Neu in den Kinos: „Challengers – Rivalen“ (Foto: MGM)
Gunnar Landsgesell · 04. Jun 2021 ·

Rosas Hochzeit

Tragikomödie, Feelgood-Movie, Emanzipations- und Selbstverwirklichungsgeschichte: "Rosas Hochzeit" ist eine augenzwinkernde, temporeiche Komödie über eine Frau, die für Familie und Freunde alles macht, weil sie nicht anders kann. Wer sehen will, wie sie das letztlich doch ändert, kann sie dabei begleiten.

Der Albtraum zu Beginn des Films ist fies: Rosa (Candela Peña) strampelt sich bei einem Wettlauf ab, sie läuft und läuft, während ihr ganzes Umfeld sie frenetisch anfeuert. Bis sie irgendwo abzweigt und auf einem Strand in den Sand plumpst. Doch als Rosa aus dem Traum aufwacht, geht es in ihrem Leben ganz genauso weiter. So etwas kennt man doch eigentlich nur aus Horrorfilmen. „Rosas Hochzeit“ ist allerdings eine so genannte Feelgood-Komödie, in der trotz widriger Umstände ein fröhlicher Tonfall das Publikum beruhigt sowie auch die Gewissheit, dass der Heldin nichts Ernsthaftes zustoßen wird – sondern dass sie sich von ihrem strapaziösen Umfeld emanzipieren wird und damit allen Hoffnung gibt, die sich auch gerne selbst aus einem üblen Sumpf herausziehen würden. Bis dorthin muss man aber erst den besagten Dauerlauf an Rosas Seite absolvieren. Die spanische Regisseurin Iciar Bollain („El Olivo“) schickt dafür ein umfangreiches Ensemble von Familie, Freunden und Umfeld aus, um der Protagonistin Prügel in den Weg zu werfen: Rosas Tochter (Paula Usero) mit den nervigen Zwillingen, ihren verwitweten Vater (Ramon Barea), der sich selbst bei ihr einquartiert und gleich mal zu schnarchen beginnt, dass sich die Bäume biegen, während Rosa sich leise aus ihrer Wohnung stiehlt und in das nächtliche Studio schleicht, wo sie für Filmproduktionen als Kostümbildnerin tätig ist. Dort türmt sich die Arbeit und selbst dort kreuzt noch die Nachbarin Rosas auf, um ihr die Katze zur Aufsicht zu überlassen. Zu ihrem Pech hat Rosa auch noch einen geschiedenen Bruder (Sergi Lopez als Sprachschul-Chef Armando) und eine Schwester namens Violeta (Nathalie Posa), eine Übersetzerin, die gerne Aufgaben delegiert. In farbenfrohen Bildern und der launigen Hektik, wie das in den Koproduktionen romanisch-sprachiger Länder viele Jahre lang Tradition war, arbeitet man sich also durch groteske Verwirrungen und familiäre Troubles durch, bis die Protagonistin ihren Überraschungsplan durchgebracht hat. Sie heiratet, und zwar sich selbst.

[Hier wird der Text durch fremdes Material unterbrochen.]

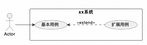扩展是用例之间的一种关系,其中一个用例(称为扩展用例)的行为增强了另一个用例(称为基本用例)的行为,用虚线箭头 + <<extend>>表示,箭头指向基本用例。
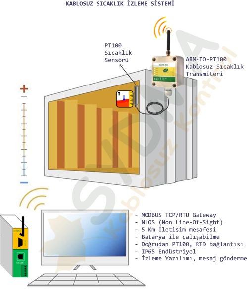 SYDMA Kontrol'ün, ARM-IO-PT100 tipi, kablosuz sıcaklık sensörü, kendi üzerindeki sıcaklık sensörünü
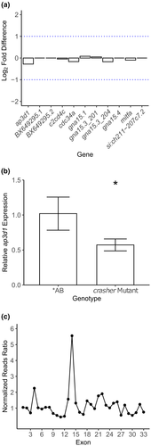 ap3d1 gene expression is reduced overall in crasher mutants, but exon 14 of ap3d1 is overexpressed. (a) RNA-Seq data bar graph shows no reduction in any candidate gene in crasher mutants as compared to *AB to a log2 fold difference of 1. Log2 fold difference is the difference in mutant and *AB expression. However, ap3d1 expression is reduced the most. Negative values indicated reduced expression in crasher mutants as compared to *AB. A difference of 1 is considered of import and equivalent to a twofold difference. Significance testing was not performed. (b) ap3d1 expression is reduced in crasher mutants according to qRT-PCR (Student's t-test, t[4] = 2.94, p = 0.04*, n = 3). Error bars are standard deviation. (c) Exon 14 overexpression in ap3d1 line graph. The normalized reads ratio is defined as the normalized (transcripts per million) number of crasher reads at that exon divided by the normalized number of *AB reads at that exon.
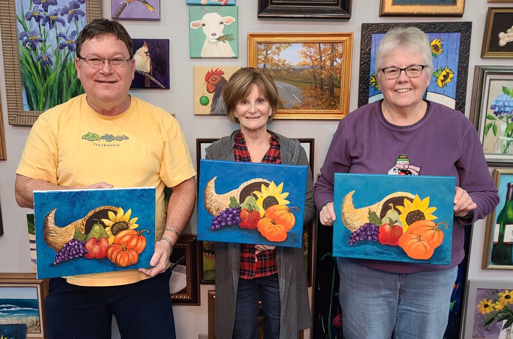 These artists did a great job painting their cornucopias yesterday at The Studio. What fun to do a challenging painting and something we can enjoy for this Fall and Thanksgiving Season. Great work everyone!
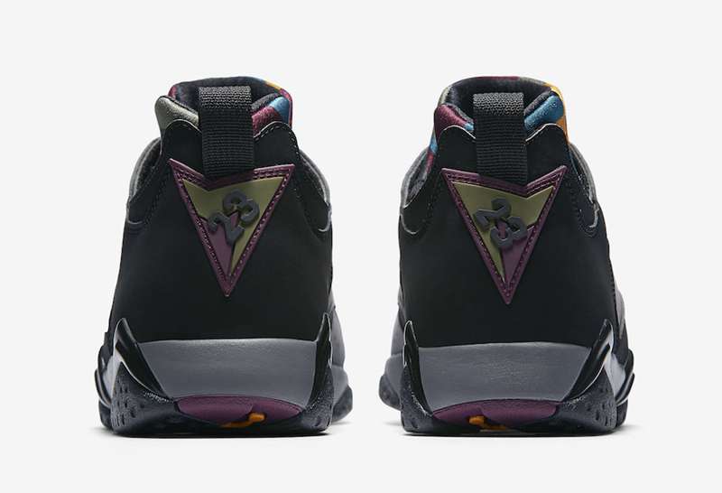 配色上依旧采用拼接鞋身搭配多彩鞋舌、内靴和外底,细节以多彩几何装扮呈现,而后跟则是致敬了 OG 版本的设计以经典的 “23” 徽章点缀,细腻的反差点缀设计是它的魅力所在。

 Mehr Rückzug als Revolution

„Rosas Hochzeit“ zeichnet das Bild einer Frau, das einem bekannt vorkommt. Sie steckt eigene Bedürfnisse zurück, hat keine Doppel- sondern eine Mehrfachbelastung und ist dennoch gerne für andere da. Umarmungen und Lächeln wechseln da mit zunehmenden Sorgenfalten, und Regisseurin Bollain hält den Druck wie in einem Dampfkessel hoch. Eine Revolution darf man allerdings nicht erwarten, Befreiung nimmt sich hier eher wie ein Rückzug (auf sich selbst) aus: Rosa entdeckt das verwaiste Konfektionsgeschäft ihrer Mutter in einer Kleinstadt neu und zieht sich dort vorerst in einem nostalgisch gefärbten Kokon zurück. Davor ist sie samt ihrer Latzhose ins Meer gesprungen, um vielleicht mal was ganz Verrücktes zu machen, oder sich mit 45 Jahren wie bei einer Erwachsenentaufe neu zu erfinden. Dass das nicht wirklich gelingt, kann man dem Drehbuch anrechnen. Der Versuch einer neuen Souveränität ist von weiteren Sorgen begleitet, die spanische Schauspielerin Candela Peña verleiht ihrer Figur dafür eine gewisse Reserviertheit, in der sich Tragik und Komödie auf nette Weise treffen. Am Ende ist nicht nur sie selbst geläutert, sondern (fast) auch ihr Umfeld, zumindest könnte man das glauben.